Performance of single-section choke-input filters can be determined readily by use of straightedge.

The chief characteristic of a power-supply filter is, of course, how well it filters - how little a.c. ripple voltage is present at the output terminals. This chart makes it easy to check the usefulness of a particular combination of L and C without long calculations or impedance diagrams.

The chart is constructed to represent a single-section choke-input
LC filter like the circuit shown on the chart. The resistor
R_{L} represents the total effective load resistance
connected to the power supply: the supply voltage divided by
the full load current. The bleeder resistor can be included
in the calculation of load resistance if desired; the effect
that it will have on the filtering depends on the curvature
of the "C" curve being used. The answer obtained is the percent
ripple, which is defined as the r.m.s. value of the output ripple
voltage, times 100, divided by the d.c. voltage.

An additional scale for critical inductance is placed just beside the resistance scale. This is the minimum value of inductance that should be used to prevent the output voltage from rising toward peak a.c. voltage when small current is being drawn, such as when the load is removed and only bleeder current flows.

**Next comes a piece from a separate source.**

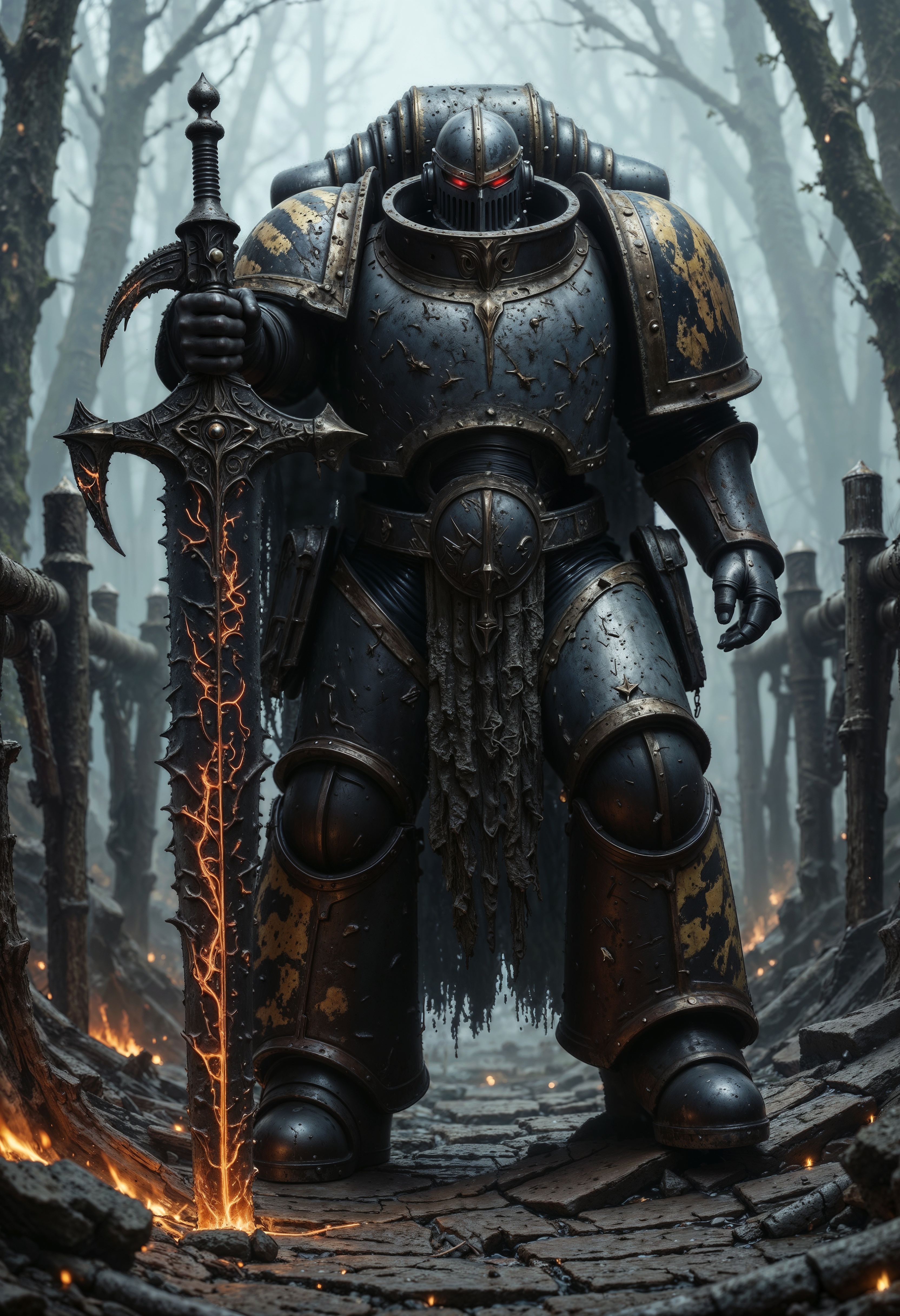 A Powerful IronW40k space marine, draped in tattered, dark power armor that pulses with a faint, eerie glow, stands on a creaking wooden bridge. He points the tip of a massive, rune-etched sword menacingly at the camera, the blade crackling with dark energy. Shadows swirl around him, and the misty air is thick with tension. red flames flicker within his hollow eyes, reflecting the bridge's warped, splintered planks, over the sword camera view

The simplest problem that can be solved with this chart is
shown by the following example, which is illustrated on the
chart itself. Suppose that you need a 100-volt power supply
that will deliver 25 ma. full load and you want to know whether
a 4-henry choke and a 4-μf. capacitor will give sufficient
filtering. Dividing voltage by current gives a load resistance
of 4000 ohms. The horizontal line passing through 4k ohms on
the R_{L} scale cuts the 4-μf. C curve at some point.
A vertical line is drawn from this point upward until it cuts
the 4-henry L curve in the top section of the chart. Then a
horizontal line is drawn through this new point, and the answer
is read where it cuts the "% Ripple" axis - in this case, 4.3%.
Whether this is sufficiently small depends on the equipment
using the supply.

The filtering ability of a two-section choke-input filter
can be determined by using the nomogram twice, once for each
LC section; converting the two values of percent ripple to decimal
fractions; multiplying them together; and then multiplying the
product by 100 to obtain an over-all percent ripple output.
The same value of R_{L} can be used for both sections
with small error. By repeating the construction in the example
above, you can check the filter's performance for varying load
currents. If a swinging choke is used, a similar series of constructions
will show its effect, if the proper L curve is used for each
value of load current.

In constructing a chart such as this, it has been necessary to ignore certain problems, such as choke, transformer, and rectifier voltage drops; choke core saturation; bleeder current; and component voltage and current ratings. To completely analyze a power supply you must, of course, take these into account. However, this chart can provide quick, easy solutions for the problem of filter design, and save a lot of "calculations."

Posted March 11, 2015